### What to produce
Extract each line of the material that follows exactly and omit its pictures.

━━━ Listed records ━━━

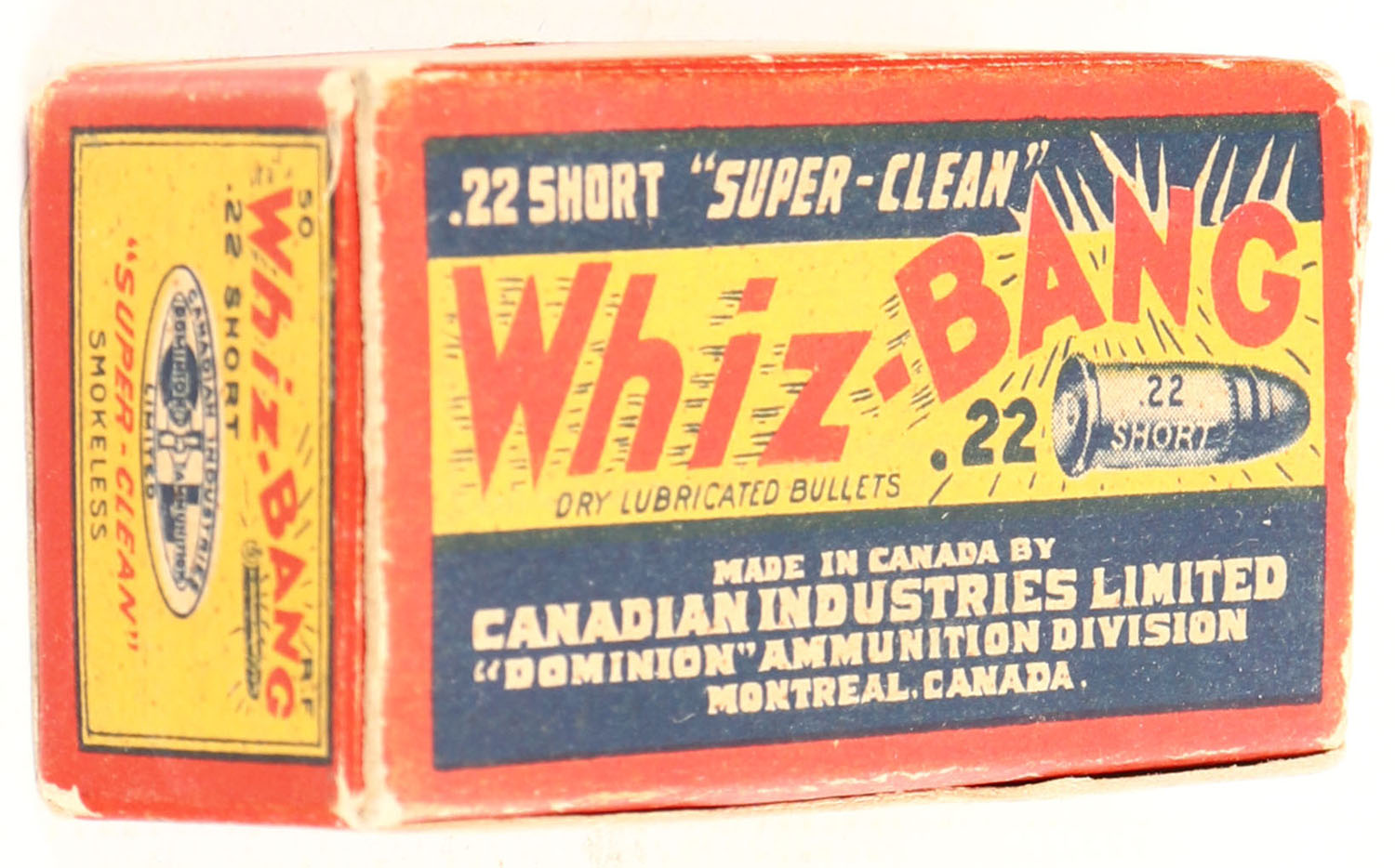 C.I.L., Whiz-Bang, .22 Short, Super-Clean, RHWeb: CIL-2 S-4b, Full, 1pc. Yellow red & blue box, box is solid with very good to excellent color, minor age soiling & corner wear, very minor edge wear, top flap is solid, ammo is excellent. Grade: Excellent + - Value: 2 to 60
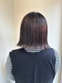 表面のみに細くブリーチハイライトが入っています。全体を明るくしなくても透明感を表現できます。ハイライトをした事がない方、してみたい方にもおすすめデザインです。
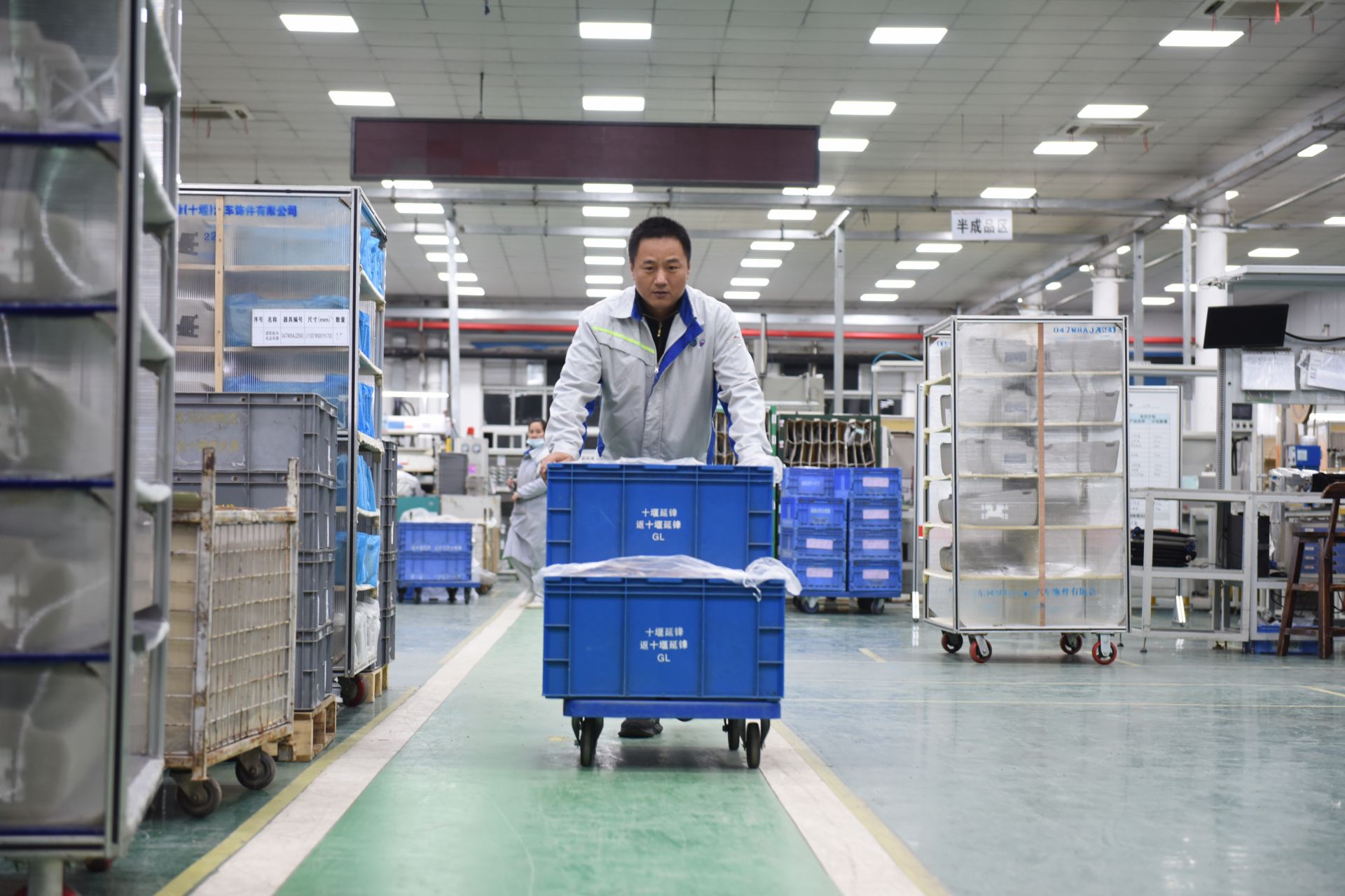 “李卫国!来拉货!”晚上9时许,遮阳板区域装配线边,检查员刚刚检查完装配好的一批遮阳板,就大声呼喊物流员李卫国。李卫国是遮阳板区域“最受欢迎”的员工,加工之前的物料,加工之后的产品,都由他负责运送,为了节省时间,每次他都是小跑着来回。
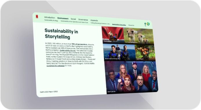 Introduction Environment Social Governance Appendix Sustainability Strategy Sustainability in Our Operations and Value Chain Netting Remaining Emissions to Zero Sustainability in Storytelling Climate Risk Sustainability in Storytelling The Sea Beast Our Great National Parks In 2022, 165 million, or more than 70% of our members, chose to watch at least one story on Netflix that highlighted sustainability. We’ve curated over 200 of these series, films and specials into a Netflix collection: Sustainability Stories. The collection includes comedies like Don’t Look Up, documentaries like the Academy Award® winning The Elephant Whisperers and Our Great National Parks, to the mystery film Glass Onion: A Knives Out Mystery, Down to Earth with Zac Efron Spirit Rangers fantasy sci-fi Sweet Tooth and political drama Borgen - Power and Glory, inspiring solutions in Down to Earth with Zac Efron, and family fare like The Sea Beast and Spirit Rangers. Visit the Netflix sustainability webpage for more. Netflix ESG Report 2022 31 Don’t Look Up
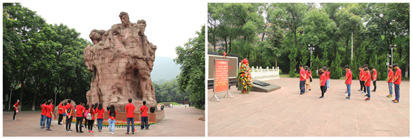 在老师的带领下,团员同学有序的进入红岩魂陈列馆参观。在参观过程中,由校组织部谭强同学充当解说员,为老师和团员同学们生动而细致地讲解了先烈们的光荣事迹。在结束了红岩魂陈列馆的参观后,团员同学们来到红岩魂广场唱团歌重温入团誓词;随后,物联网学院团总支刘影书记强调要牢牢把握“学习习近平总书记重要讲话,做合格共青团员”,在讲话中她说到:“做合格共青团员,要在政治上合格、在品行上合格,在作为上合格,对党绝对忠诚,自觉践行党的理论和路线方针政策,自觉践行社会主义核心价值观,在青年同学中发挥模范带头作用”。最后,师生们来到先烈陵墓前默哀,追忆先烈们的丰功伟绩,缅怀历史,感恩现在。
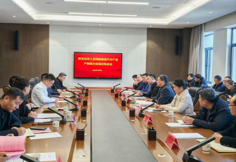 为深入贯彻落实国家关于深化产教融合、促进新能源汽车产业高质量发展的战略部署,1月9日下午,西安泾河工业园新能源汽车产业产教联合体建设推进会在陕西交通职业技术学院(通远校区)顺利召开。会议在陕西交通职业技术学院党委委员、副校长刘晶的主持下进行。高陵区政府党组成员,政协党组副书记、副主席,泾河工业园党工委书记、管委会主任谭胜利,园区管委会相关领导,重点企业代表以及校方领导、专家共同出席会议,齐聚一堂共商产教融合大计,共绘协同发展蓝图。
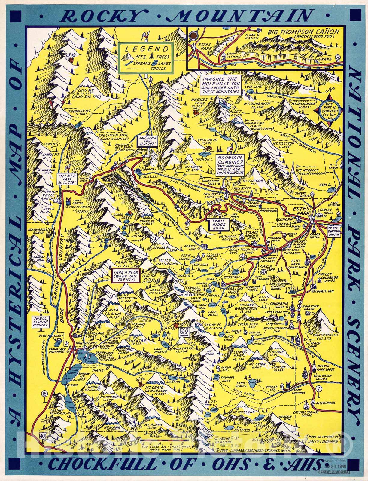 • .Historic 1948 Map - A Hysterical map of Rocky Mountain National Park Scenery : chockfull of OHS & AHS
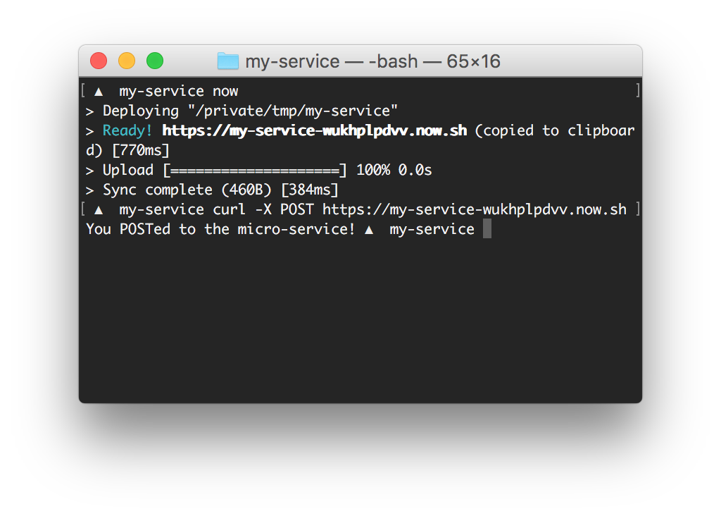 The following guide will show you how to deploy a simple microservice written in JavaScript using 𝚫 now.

━━━

### Problem solution
 C.I.L., Whiz-Bang, .22 Short, Super-Clean, RHWeb: CIL-2 S-4b, Full, 1pc. Yellow red & blue box, box is solid with very good to excellent color, minor age soiling & corner wear, very minor edge wear, top flap is solid, ammo is excellent. Grade: Excellent + - Value: 2 to 60
 表面のみに細くブリーチハイライトが入っています。全体を明るくしなくても透明感を表現できます。ハイライトをした事がない方、してみたい方にもおすすめデザインです。
 “李卫国!来拉货!”晚上9时许,遮阳板区域装配线边,检查员刚刚检查完装配好的一批遮阳板,就大声呼喊物流员李卫国。李卫国是遮阳板区域“最受欢迎”的员工,加工之前的物料,加工之后的产品,都由他负责运送,为了节省时间,每次他都是小跑着来回。
 Introduction Environment Social Governance Appendix Sustainability Strategy Sustainability in Our Operations and Value Chain Netting Remaining Emissions to Zero Sustainability in Storytelling Climate Risk Sustainability in Storytelling The Sea Beast Our Great National Parks In 2022, 165 million, or more than 70% of our members, chose to watch at least one story on Netflix that highlighted sustainability. We’ve curated over 200 of these series, films and specials into a Netflix collection: Sustainability Stories. The collection includes comedies like Don’t Look Up, documentaries like the Academy Award® winning The Elephant Whisperers and Our Great National Parks, to the mystery film Glass Onion: A Knives Out Mystery, Down to Earth with Zac Efron Spirit Rangers fantasy sci-fi Sweet Tooth and political drama Borgen - Power and Glory, inspiring solutions in Down to Earth with Zac Efron, and family fare like The Sea Beast and Spirit Rangers. Visit the Netflix sustainability webpage for more. Netflix ESG Report 2022 31 Don’t Look Up
 在老师的带领下,团员同学有序的进入红岩魂陈列馆参观。在参观过程中,由校组织部谭强同学充当解说员,为老师和团员同学们生动而细致地讲解了先烈们的光荣事迹。在结束了红岩魂陈列馆的参观后,团员同学们来到红岩魂广场唱团歌重温入团誓词;随后,物联网学院团总支刘影书记强调要牢牢把握“学习习近平总书记重要讲话,做合格共青团员”,在讲话中她说到:“做合格共青团员,要在政治上合格、在品行上合格,在作为上合格,对党绝对忠诚,自觉践行党的理论和路线方针政策,自觉践行社会主义核心价值观,在青年同学中发挥模范带头作用”。最后,师生们来到先烈陵墓前默哀,追忆先烈们的丰功伟绩,缅怀历史,感恩现在。
 为深入贯彻落实国家关于深化产教融合、促进新能源汽车产业高质量发展的战略部署,1月9日下午,西安泾河工业园新能源汽车产业产教联合体建设推进会在陕西交通职业技术学院(通远校区)顺利召开。会议在陕西交通职业技术学院党委委员、副校长刘晶的主持下进行。高陵区政府党组成员,政协党组副书记、副主席,泾河工业园党工委书记、管委会主任谭胜利,园区管委会相关领导,重点企业代表以及校方领导、专家共同出席会议,齐聚一堂共商产教融合大计,共绘协同发展蓝图。
 • .Historic 1948 Map - A Hysterical map of Rocky Mountain National Park Scenery : chockfull of OHS & AHS
 The following guide will show you how to deploy a simple microservice written in JavaScript using 𝚫 now.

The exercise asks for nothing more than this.